Monday, February 15, 2010

Is that what love is?

I'm a huge an of Charmed and even though its off the air I still get to watch it, because my sister has the episodes on DVD. So I think I have dissected Pheobe and Cole "love" down to infatuation, lust and adventure. I don't think they ever really loved each other. We'll maybe she loved him, and he admired her but I'm not completely convinced it was true love. I don't think they spent enough time together to love one another. There was never a definitive moment where you could say " that's why he/she loves him/her". It was like their love came out of nowhere. They were infatuated with each other for no apparent reason other than lust, and it was adventurous. Cole got a high because he was dating a Charmed One. Someone he was supposed to kill. And he researched her. He didn't even know Pheobe. Weird. But apparently it was true love after they slept together. I don't know...maybe I'm just over analyzing it. I feel like love should be more than that. It should be more than making out and having sex. I feel like God wants us to enjoy our partners and not just physically speaking. I want to be in a relationship where we can both get energized by seeing God's will be done. I want someone who will love me as a sister and Jesus enough to hold himself back from commenting on my body. I really feel like me and my boyfriend should be really good friends. And people say they want to be friends all the time, but I mean REAL friends. Like he's smelled your farts and you guys can have inside jokes and your'e cool with his friends. It not like you have be friends with his friends but you share mutual values.
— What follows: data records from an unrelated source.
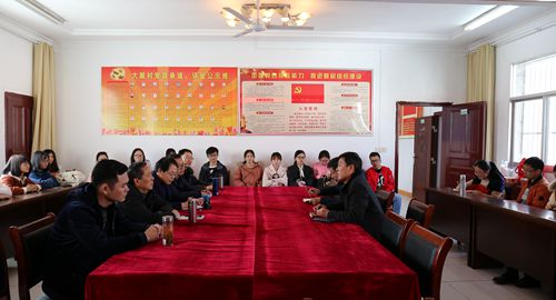 在大畈村,江正君与村干部、驻村工作队详细座谈,了解扶贫脱贫工作实施情况,特别是特色产业发展与乡村振兴计划实施。他表示,学院将发挥学科专业特色与优势,针对村扶贫工作遇到的实际困难,全力支持大畈村特色产业发展,实现大畈村脱贫致富。
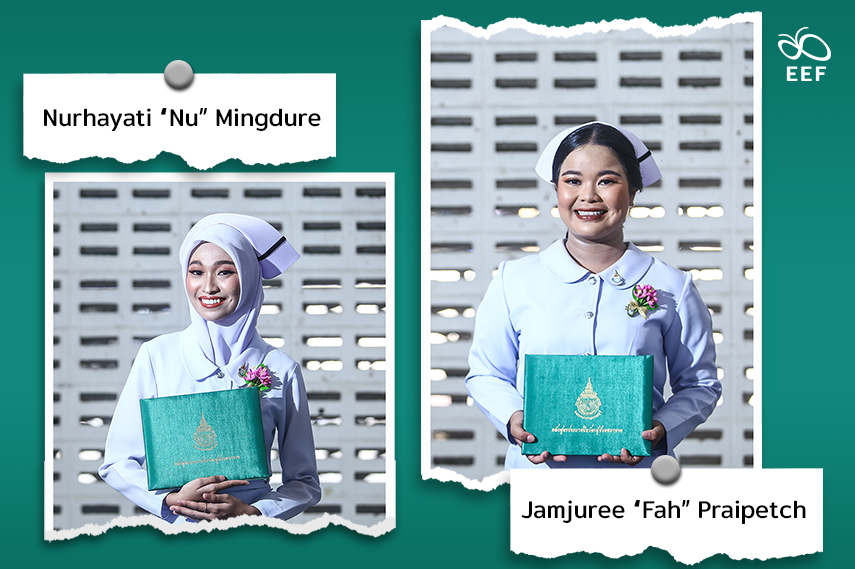 Looking back, Mingdure reflected, “This scholarship was my first glimpse of light along a very dark path. It allowed me to study, support my family, and dream beyond the limits I once saw. I cannot stop here; I must climb higher, become a nurse educator, and give back what was given to me—knowledge, guidance, and the chance to step into the light. Every child like me should know that the EEF’s High Vocational Innovation Scholarship can be their light too.” With equal resolve, Praipetch shared, “Graduating, I will work immediately and save every Baht to continue my nursing studies. I want to return to Trang, care for my family and grandparents, and support myself through education. The EEF’s High Vocational Innovation Scholarship has eased our burdens and allowed me to save for the future. I hope this initiative continues, so that others like me can prove that determination and courage make anything possible.”
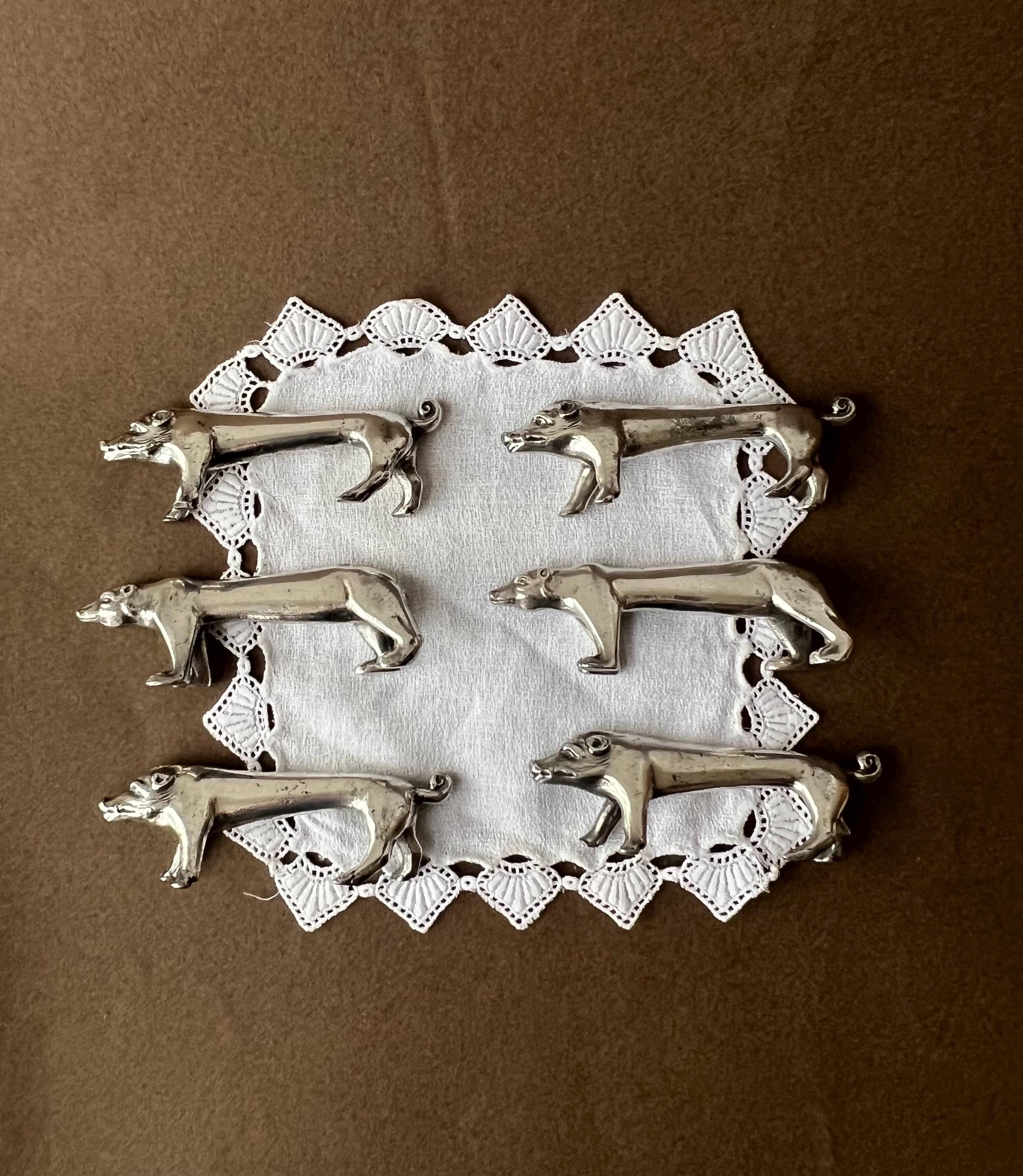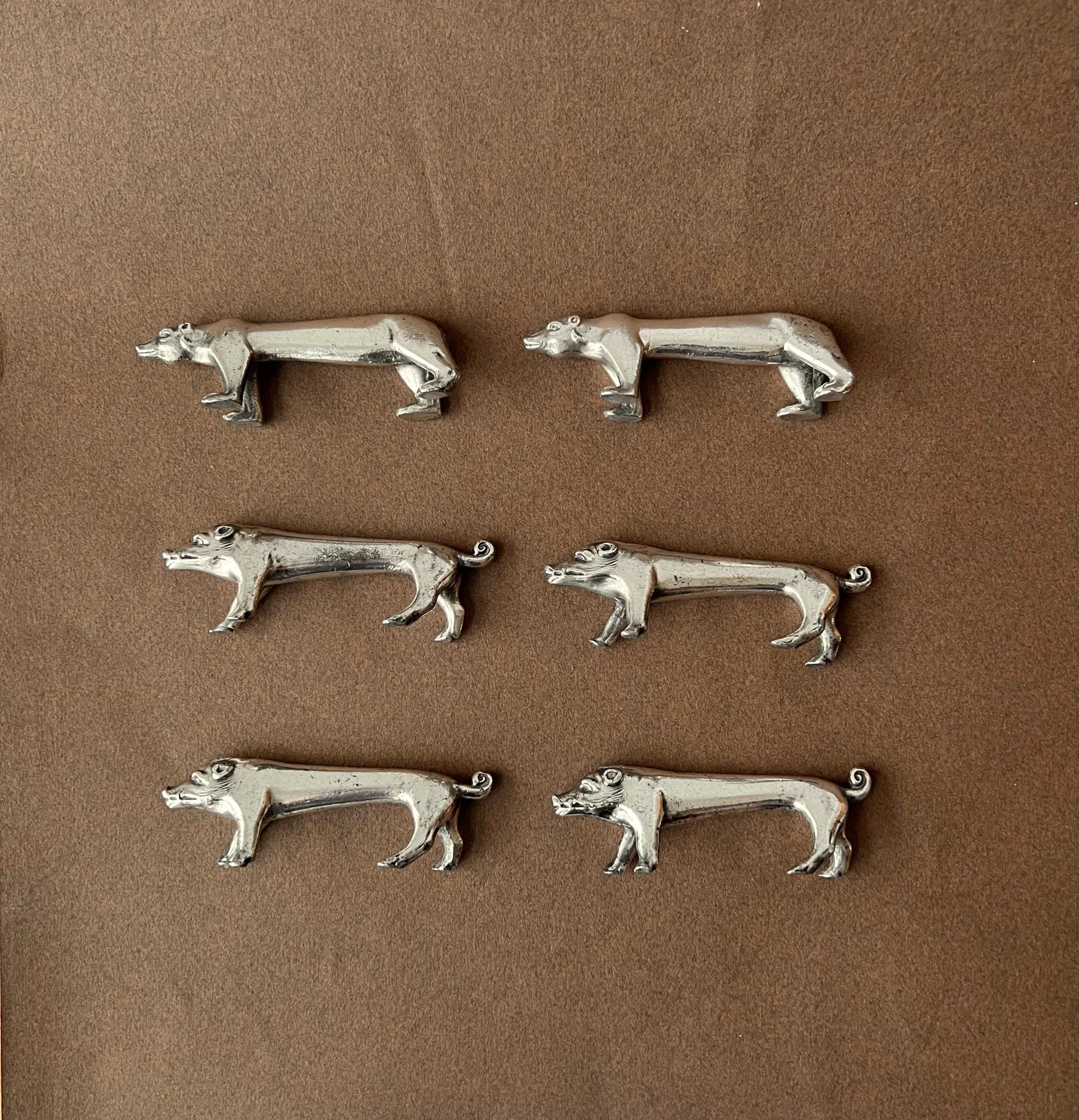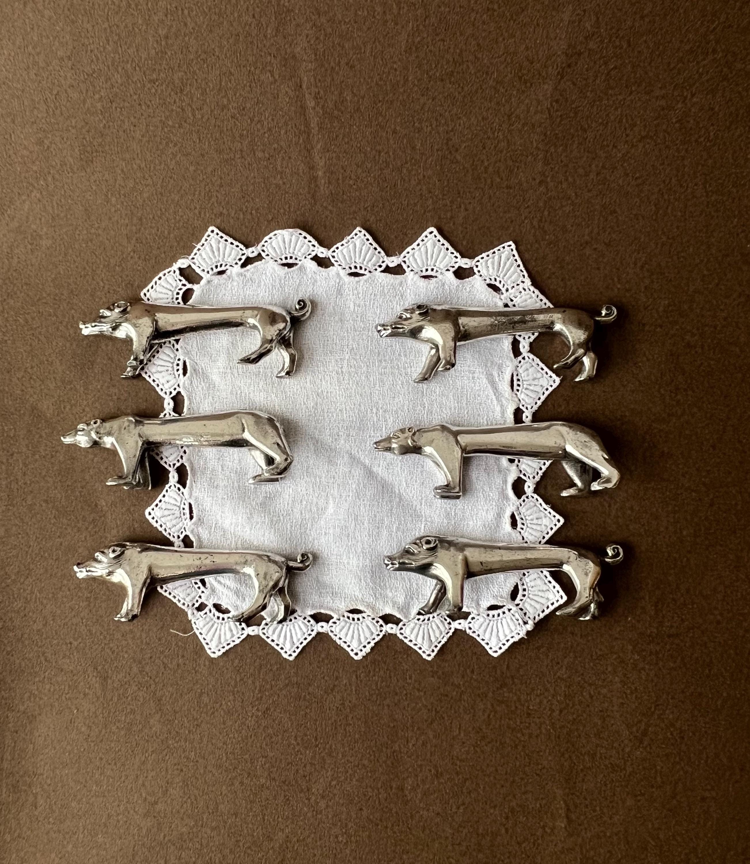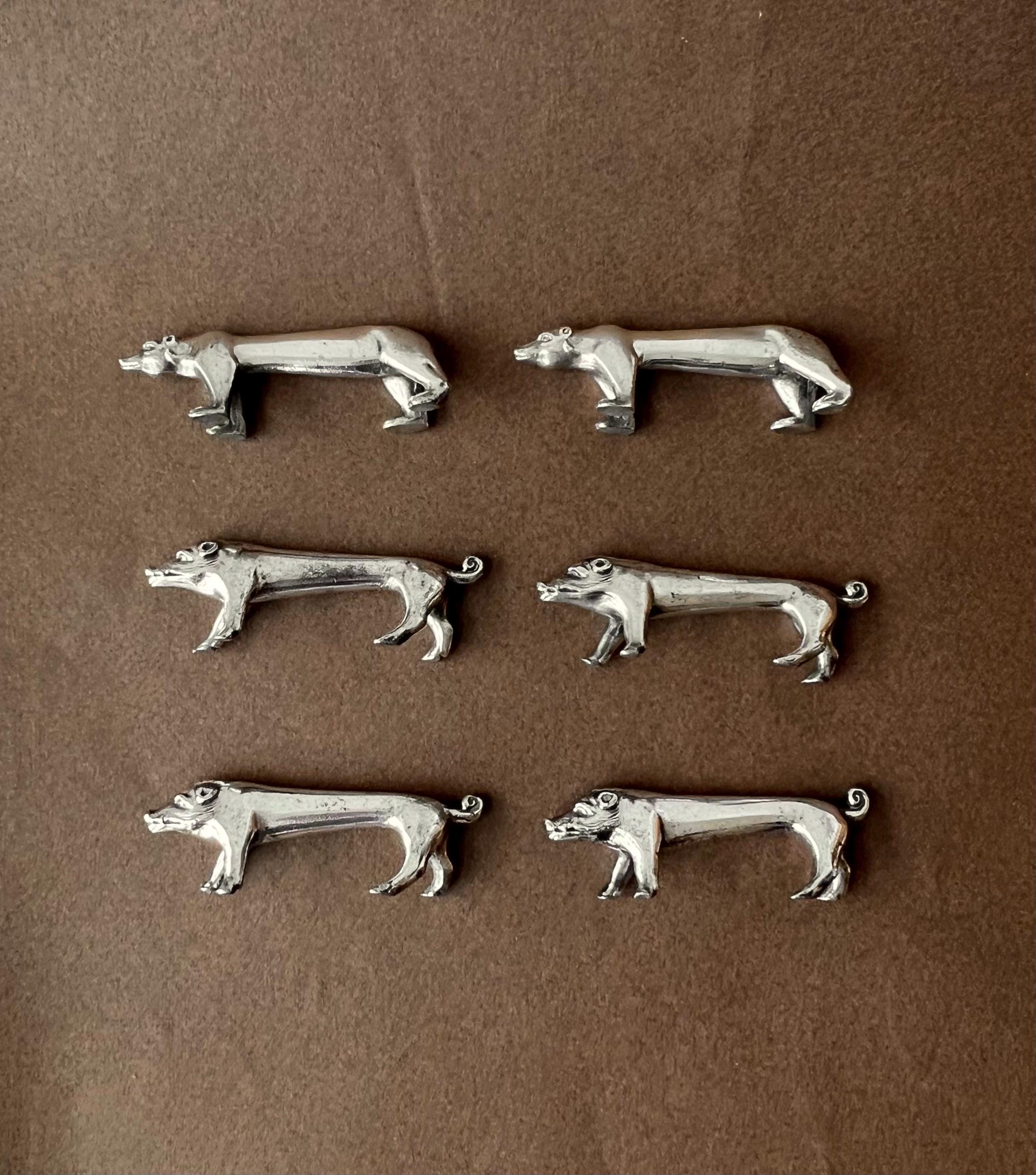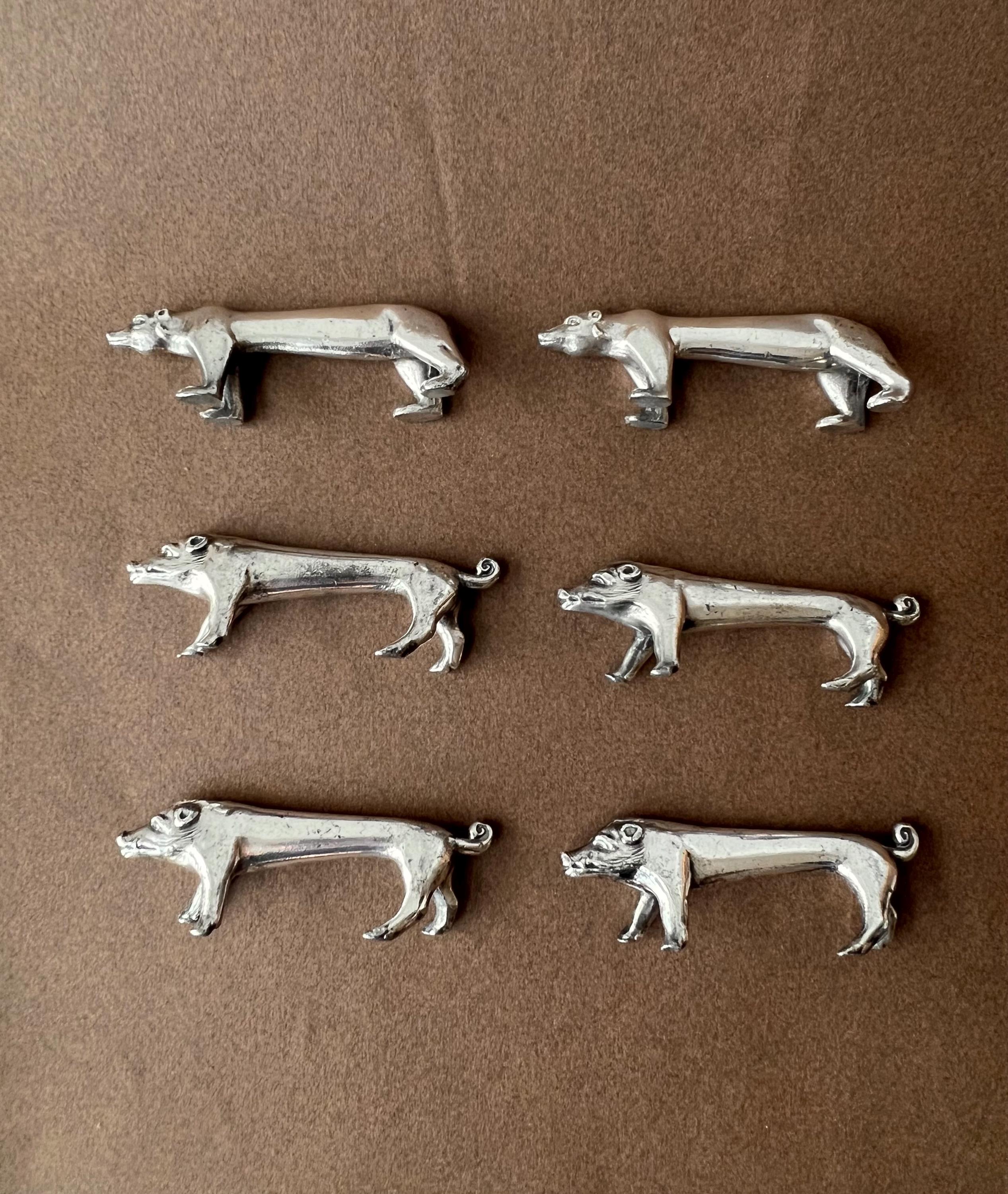 This unique animal-shaped knife rests set brings personality to your table. It contains 2 bear-shaped knife rests and 4 pig-shaped ones. Ideal for hosting dinner parties, weddings, or holiday gatherings, these versatile pieces also make a thoughtful gift for vintage lovers or entertaining enthusiasts. Sourced in Spain.

Today the message at Church was about sex and might I say it was really uplifting. The pastor said in today's society we try to re-create God in our romantic relationships. We look for the other person to complete us. I feel like that is so true. Because today's society looks for the other person to be their everything. But the problem is that role is only fit for God, so you're going to be hurt when you ask so much of someone that doesn't even have control over their own life! So that's my Valentine's Day post.